## TASK INSTRUCTIONS
Give the records again word for word. Leave every picture out.

## DATA FOR ANALYSIS
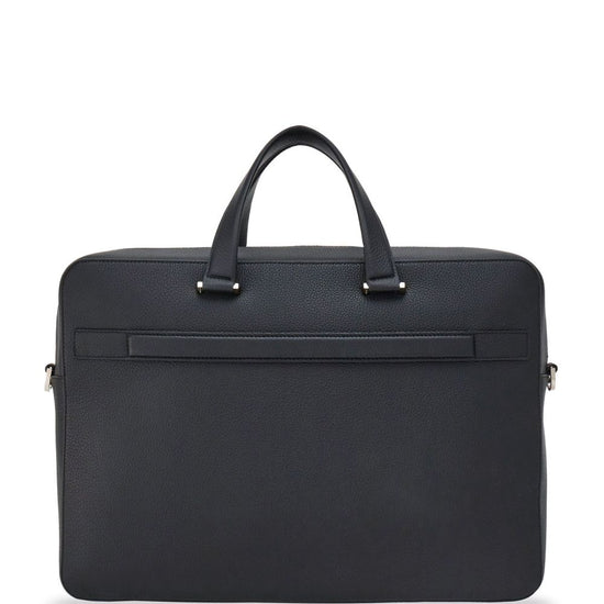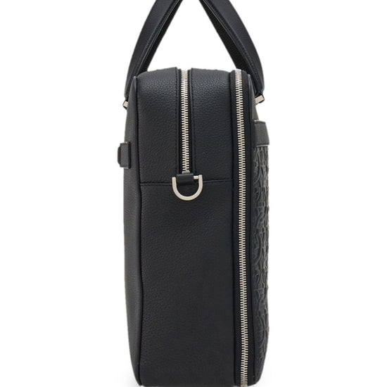 Black calf leather debossed logo to the front all-over embossed logo print top zip fastening two rolled top handles adjustable detachable shoulder strap internal logo patch partitioned compartment gancini leather handbag
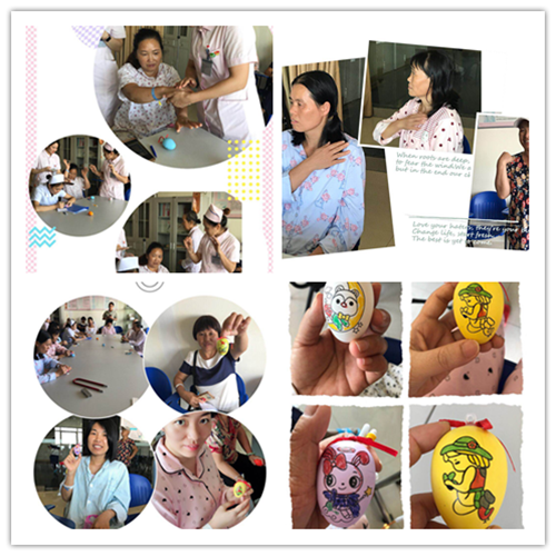 健康知识讲座结束后,王玲护士长对术后因缺乏运动引起患肢轻微淋巴水肿的病友进行一对一指导,并运用手法治疗,促进上肢淋巴液的回纳。课后还带领病友们进行了患肢功能康复训练及彩蛋描绘,指导乳腺病友循序渐进的进行功能锻炼,在运动中达到减轻上肢淋巴水肿的目的,并体会到活动的乐趣。
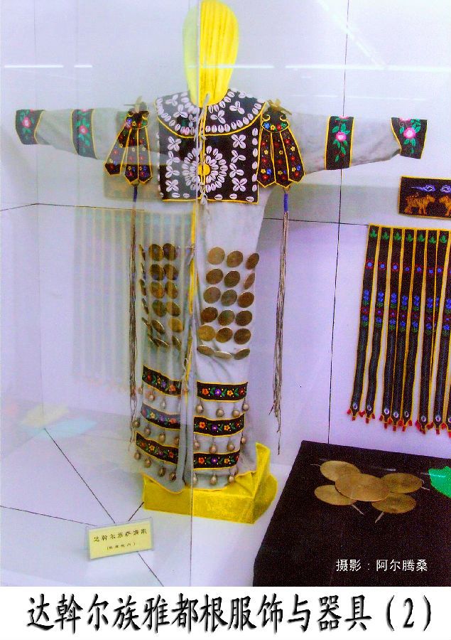 达斡尔族雅德根服饰有多种不同的形式,它们基本上反映了萨满文化不同历史时期的不同特征。雅德根的神衣,是用熟皮制的长袖对襟长袍,配有两层背裙,外套一坎肩。领口至下摆钉有8个大铜纽,象征城门。左右袖筒及下摆各佩3条黑大绒,以示雅德根之四肢八节,左右襟中部、下摆的6条大绒上各钉有小铜铃,象征木城之墙。背悬一大四小五个铜镜,胸前佩一中型铜镜,两肩各立一小鸟,上下两层背裙各有12条飘带,上层代表12个“杜瓦兰”(神树和飞禽),下层象征12个月。帽子顶有鹿角饰,鹿角间有展翅欲飞的鹰塑像,两侧绣有虎形。帽额下垂饰一排遮住双眼的彩布辫绳,似“流海”形。
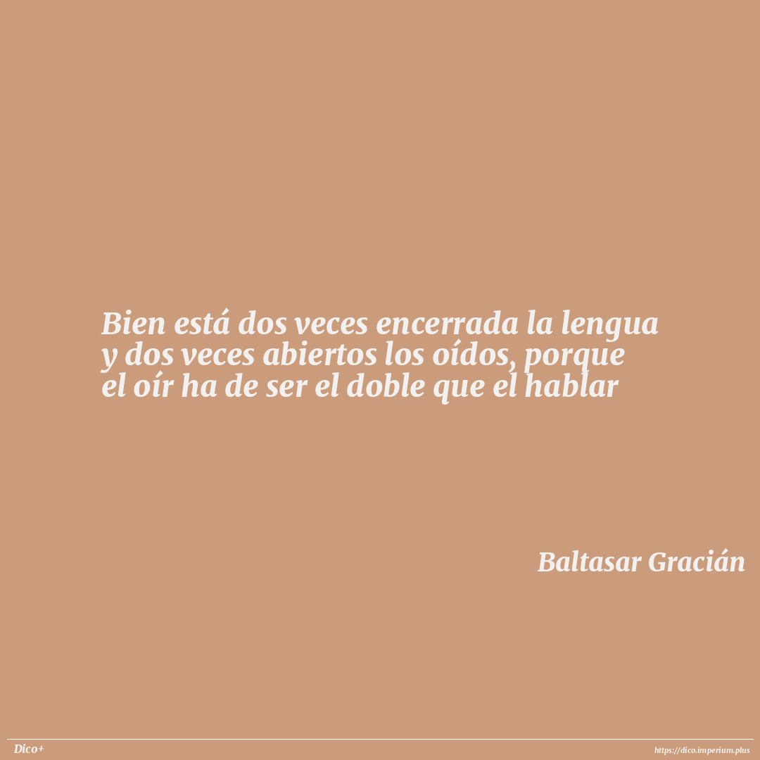 Bien está dos veces encerrada la lengua y dos veces abiertos los oídos, porque el oír ha de ser el doble que el hablar
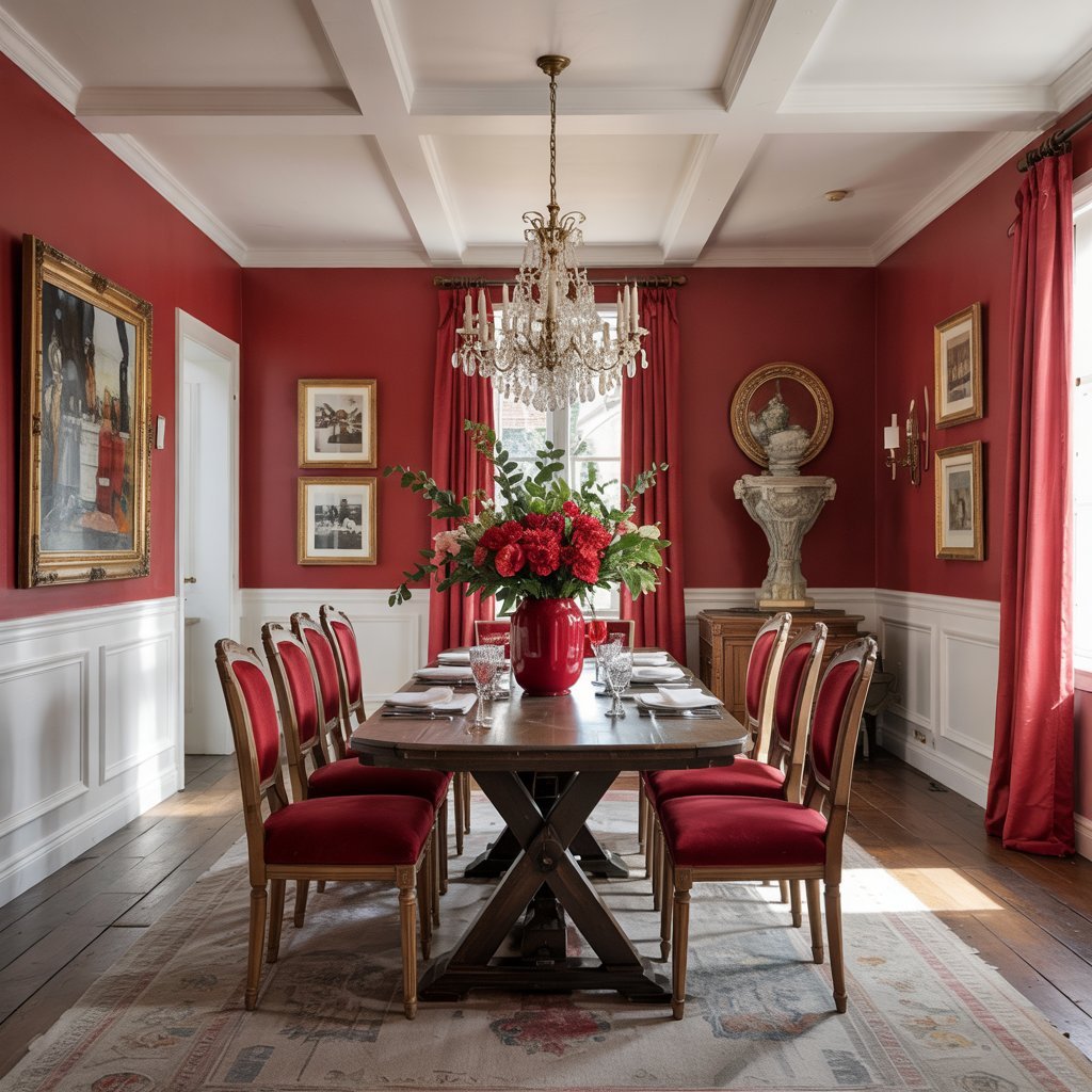 I often use white wainscoting or crown molding to temper bold crimson walls in dining rooms. The contrast creates visual interest while maintaining elegance. White also reflects light beautifully, making rooms feel larger and brighter even with intense red accents.
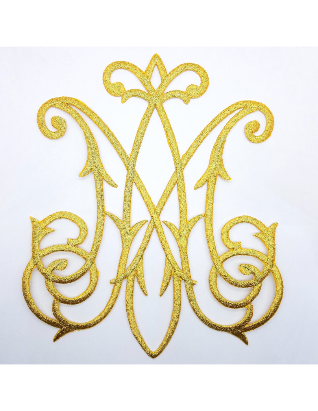 Aplique dorado metalizado termoadhesivo de 19 x 16 cms María.
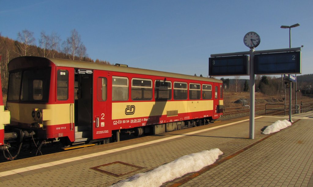 16.4.2011 16:49 VT 35 der Vogtlandbahn aus Sokolov nach Falkenstein (Vogtland) bei der Ausfahrt aus dem Bahnhof Oloví.
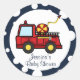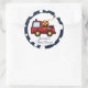 Petit camionnette rouge et autocollant design bleu et blanc pois de marine pour compléter nos invitations. Personnalisez le texte comme préféré.
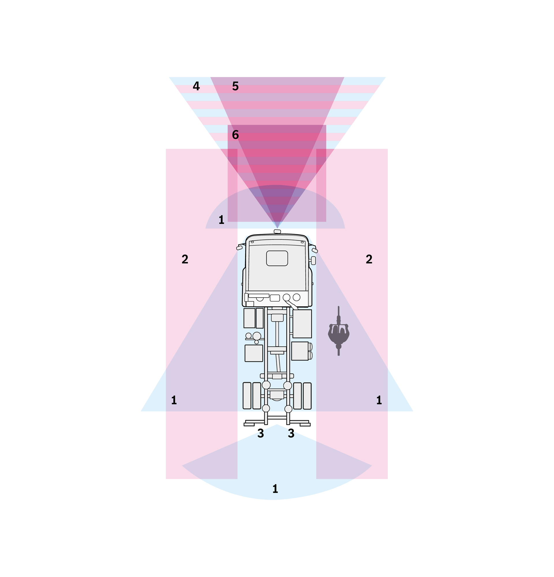 Frontguard Assist monitors the traffic area immediately in front of the Econic and supports the driver in the speed range up to 15 km/h. If the system registers moving objects such as people right in front of the vehicle with its camera and radar sensor, it can issue a two-stage hazard warning and prevent serious accidents.
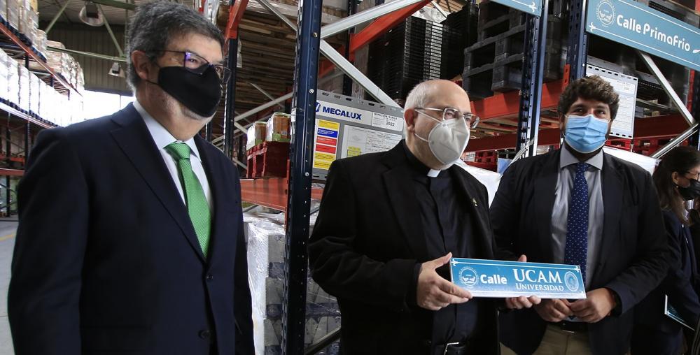 La UCAM ha recibido la placa correspondiente a la calle con la que cuenta en la sede del Banco de Alimentos del Segura, fruto de la colaboración que mantiene desde hace años con esta entidad social.

## TASK ANSWER
 Black calf leather debossed logo to the front all-over embossed logo print top zip fastening two rolled top handles adjustable detachable shoulder strap internal logo patch partitioned compartment gancini leather handbag
 健康知识讲座结束后,王玲护士长对术后因缺乏运动引起患肢轻微淋巴水肿的病友进行一对一指导,并运用手法治疗,促进上肢淋巴液的回纳。课后还带领病友们进行了患肢功能康复训练及彩蛋描绘,指导乳腺病友循序渐进的进行功能锻炼,在运动中达到减轻上肢淋巴水肿的目的,并体会到活动的乐趣。
 达斡尔族雅德根服饰有多种不同的形式,它们基本上反映了萨满文化不同历史时期的不同特征。雅德根的神衣,是用熟皮制的长袖对襟长袍,配有两层背裙,外套一坎肩。领口至下摆钉有8个大铜纽,象征城门。左右袖筒及下摆各佩3条黑大绒,以示雅德根之四肢八节,左右襟中部、下摆的6条大绒上各钉有小铜铃,象征木城之墙。背悬一大四小五个铜镜,胸前佩一中型铜镜,两肩各立一小鸟,上下两层背裙各有12条飘带,上层代表12个“杜瓦兰”(神树和飞禽),下层象征12个月。帽子顶有鹿角饰,鹿角间有展翅欲飞的鹰塑像,两侧绣有虎形。帽额下垂饰一排遮住双眼的彩布辫绳,似“流海”形。
 Bien está dos veces encerrada la lengua y dos veces abiertos los oídos, porque el oír ha de ser el doble que el hablar
 I often use white wainscoting or crown molding to temper bold crimson walls in dining rooms. The contrast creates visual interest while maintaining elegance. White also reflects light beautifully, making rooms feel larger and brighter even with intense red accents.
 Aplique dorado metalizado termoadhesivo de 19 x 16 cms María.
 16.4.2011 16:49 VT 35 der Vogtlandbahn aus Sokolov nach Falkenstein (Vogtland) bei der Ausfahrt aus dem Bahnhof Oloví.
 Petit camionnette rouge et autocollant design bleu et blanc pois de marine pour compléter nos invitations. Personnalisez le texte comme préféré.
 Frontguard Assist monitors the traffic area immediately in front of the Econic and supports the driver in the speed range up to 15 km/h. If the system registers moving objects such as people right in front of the vehicle with its camera and radar sensor, it can issue a two-stage hazard warning and prevent serious accidents.
 La UCAM ha recibido la placa correspondiente a la calle con la que cuenta en la sede del Banco de Alimentos del Segura, fruto de la colaboración que mantiene desde hace años con esta entidad social.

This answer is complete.